China's occupation of Tibet and its transfer of millions of ethnic Chinese into Tibetan territory are illegal. World Bank support of the Qaidam Basin resettlement plan will therefore aid China's violation of the Fourth Geneva Convention.

B. Population Transfer Violates The Tibetans' Right Of Self-Determination

Even if Tibet were not illegally occupied, the resettlement project would violate Tibetans' human rights. The right of self-determination provides:

All peoples have the right of self-determination. By virtue of that right they freely determine their political status and freely pursue their economic, social and cultural development.

The Tibetans are a people with a distinct language, culture, religion and history and are thus possessed of a right to self-determination provided under international law. The United Nations' Special Rapporteur on Population Transfer has observed more specifically that a people with a right of self-determination have a right to control their economic, cultural and political destiny free of domination by implanted settlers.

The Qaidam Basin resettlement plan, which does not have the consent of the Tibetan people, denies the Tibetans in Tulan County their right to control their own cultural, economic and political destiny. The Bank has been provided with two letters indicating opposition to the project by Tibetans living in the area to be resettled. Moreover, in light of the Chinese government's repression of virtually any dissent to government projects, especially in Tibet, we doubt that "free and informed consent" can be meaningfully obtained. The transfer of non-Tibetans into Tulan County therefore violates the Tibetans' rights under international law.

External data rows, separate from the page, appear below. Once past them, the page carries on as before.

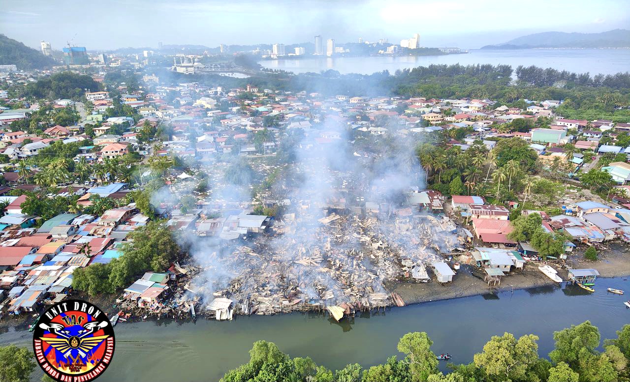 “Operasi memadam kebakaran turut dibantu 16 anggota dari BBP Kota Kinabalu untuk memadam kebakaran membabitkan rumah setinggan jenis tidak kekal dengan anggaran 50 buah rumah musnah terbakar.
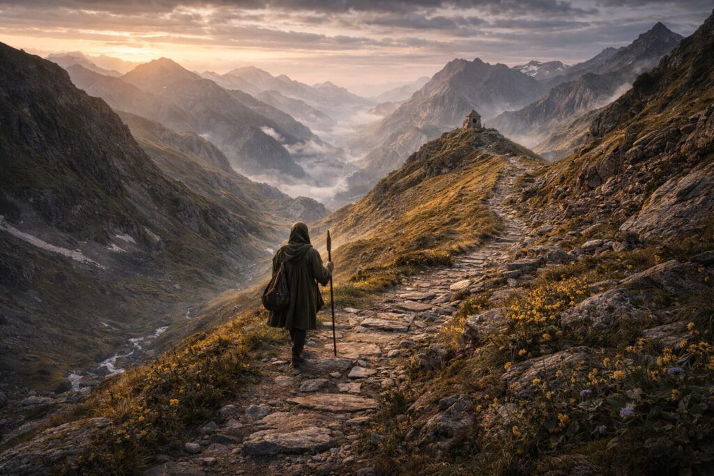 To undertake pilgrimage is to enter into a spell that unfolds step by step. The body moves through terrain; the mind loosens from routine; the intention ripens through repetition. The journey is not incidental to the destination—it is part of the working. Walking, traveling, preparing, fasting, studying, carrying a token or vow: these are components of enchantment. By the time the pilgrim reaches the site, they are not the same person who began.
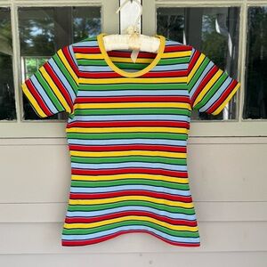ADORABLE form fitting primary color rainbow ringer top from the 70s. No tags, great condition with no noticeable flaws.
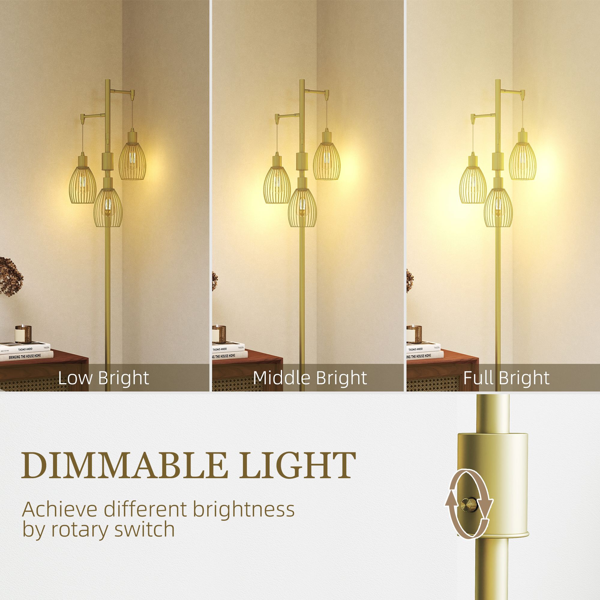 Industrial Floor Lamp with 3 Hanging Wire Lampshades, Dimmable Standing Lamp for Living Room, Gold
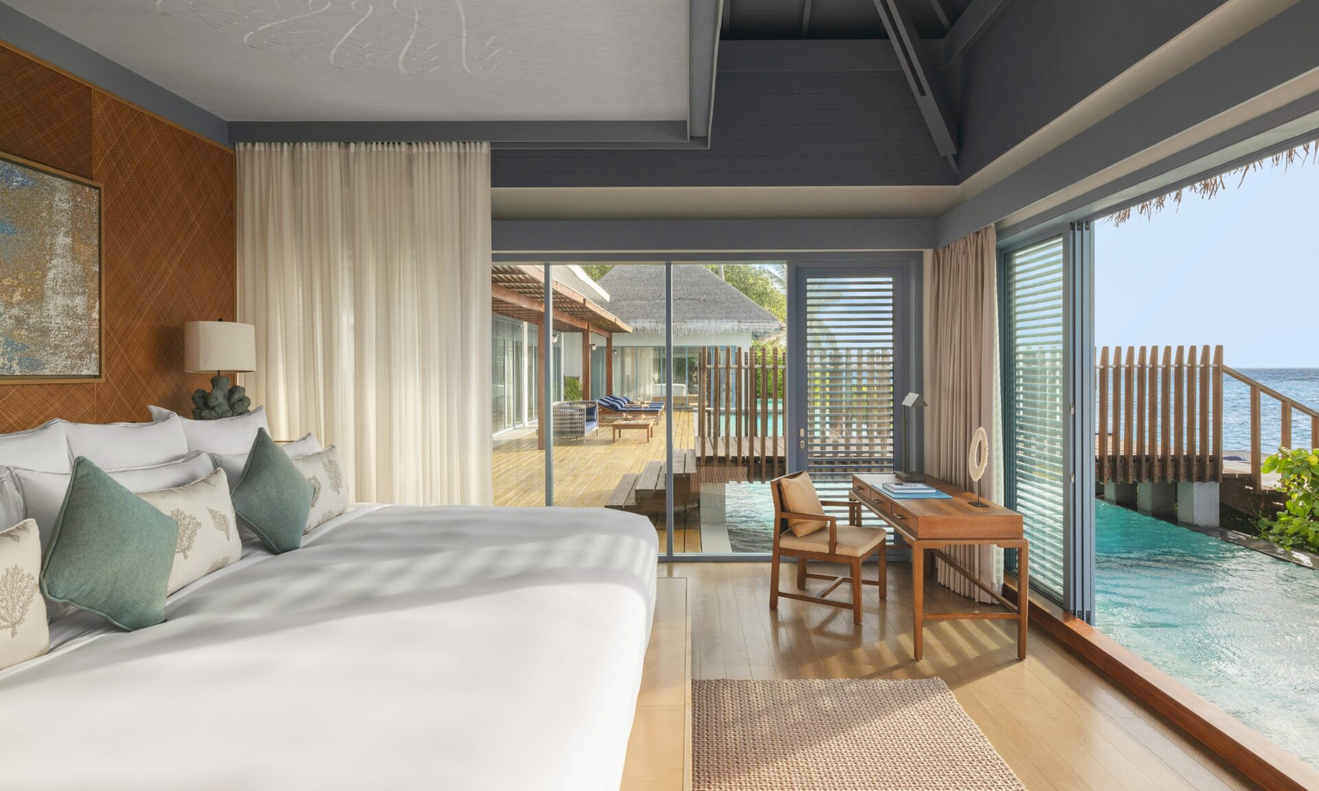 The resort features 38 villas ranging from 220 to 1,250 square metres, each with private pools. Accommodation options include island and overwater villas, two-bedroom ocean villas and a three-bedroom Halcyon Grand Estate.
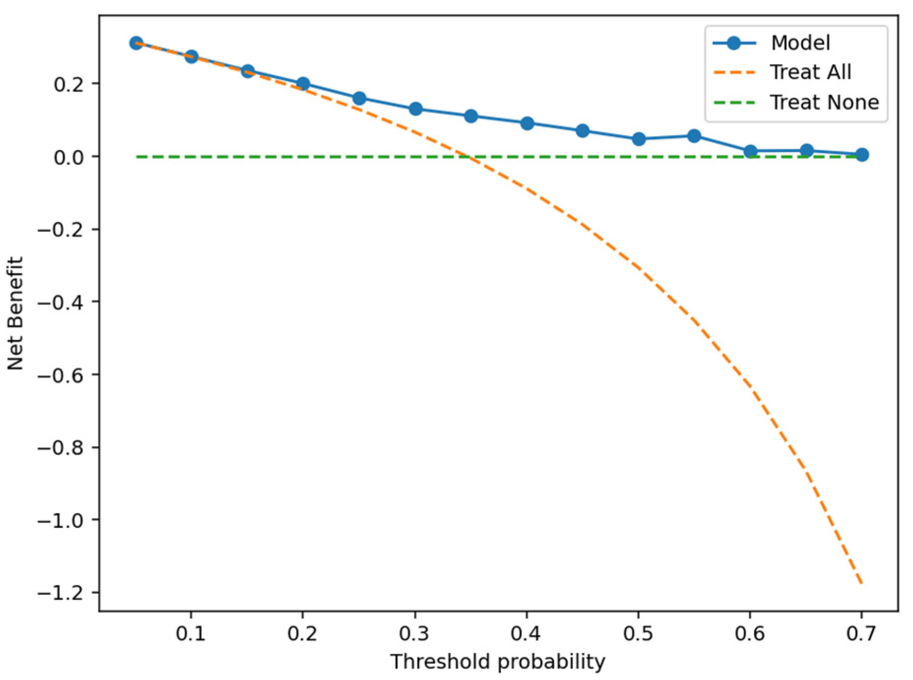 According to the ROC analysis, the optimal probability threshold by Youden’s index was 0.372; at this cut-off, sensitivity was 63.4%, specificity 74.2%, and overall accuracy 70.4% (TP = 64, TN = 141, FP = 49, and FN = 37). At a threshold of 0.35, sensitivity and specificity were 66.3% and 66.3%, respectively (accuracy 66.3%; PPV 51.1%; NPV 78.8%). At the conventional 0.50 threshold, sensitivity and specificity were 36.6% and 87.9%, respectively (accuracy 70.1%; PPV 61.7%; NPV 72.3%). Decision-curve analysis (DCA) showed a positive net clinical benefit, with the model outperforming a “treat-all” strategy across threshold probabilities of approximately 0.10–0.65 and never inferior to a “treat-none” strategy over the examined range (Figure 4).
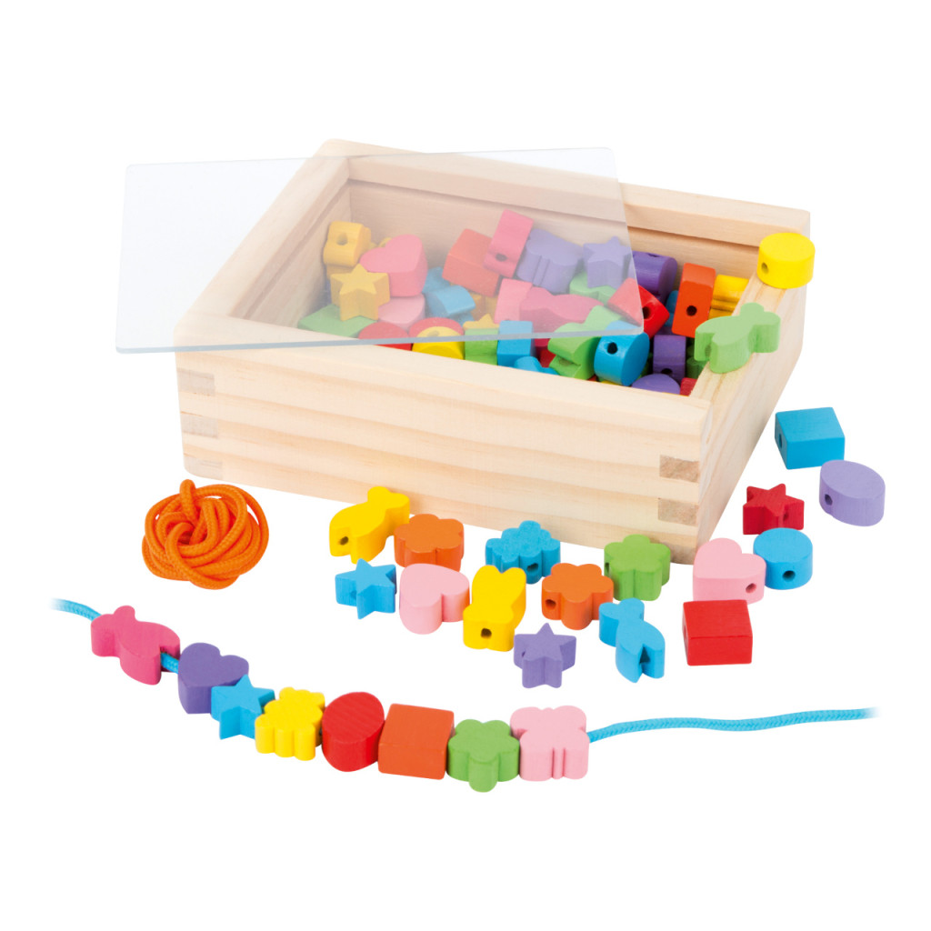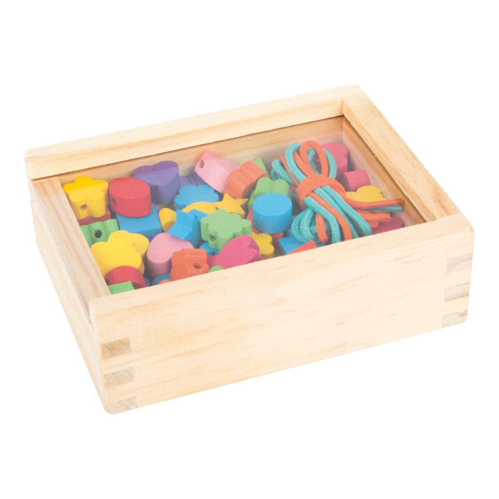 Small Foot - Fa fűzhető gyöngyök formákkal, dobozban - JátékManufaktúra
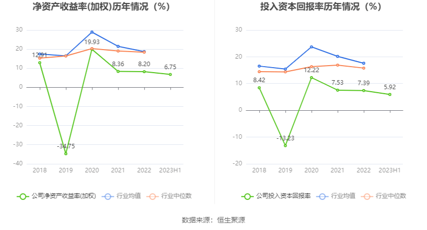 数据显示,2023年上半年公司加权平均净资产收益率为6.75%,较上年同期增长0.68个百分点;公司2023年上半年投入资本回报率为5.92%,较上年同期增长0.81个百分点。

The Bank does not even have to determine that the Tibetans are a "people" in order to conclude that the resettlement will violate international law. The Special Rapporteur has defined population transfer as "a practice or policy having the purpose or effect of moving persons into or out of an area, either within or across an international border, or within, into or out of an occupied territory, without the free and informed consent of the transferred population and any receiving population." The salient feature of population transfer is thus a government-sponsored movement of people without the "free and informed consent" of those living in the area to be resettled. This project is government-sponsored and no consent has been obtained.

C. Population Transfer Violates International Law Even When Carried Out For Economic Development

It does not matter that the project may purport to alleviate poverty among the settlers or to develop Tulan County. The Special Rapporteur's Final Report in particular notes that the implantation of settlers is unlawful even when carried on under the guise of economic development and even when "subtle and incremental." Absent consent, it is simply not legal to deny the Tibetans their right to decide on their own economic development or to burden the Tibetans with implanted settlers.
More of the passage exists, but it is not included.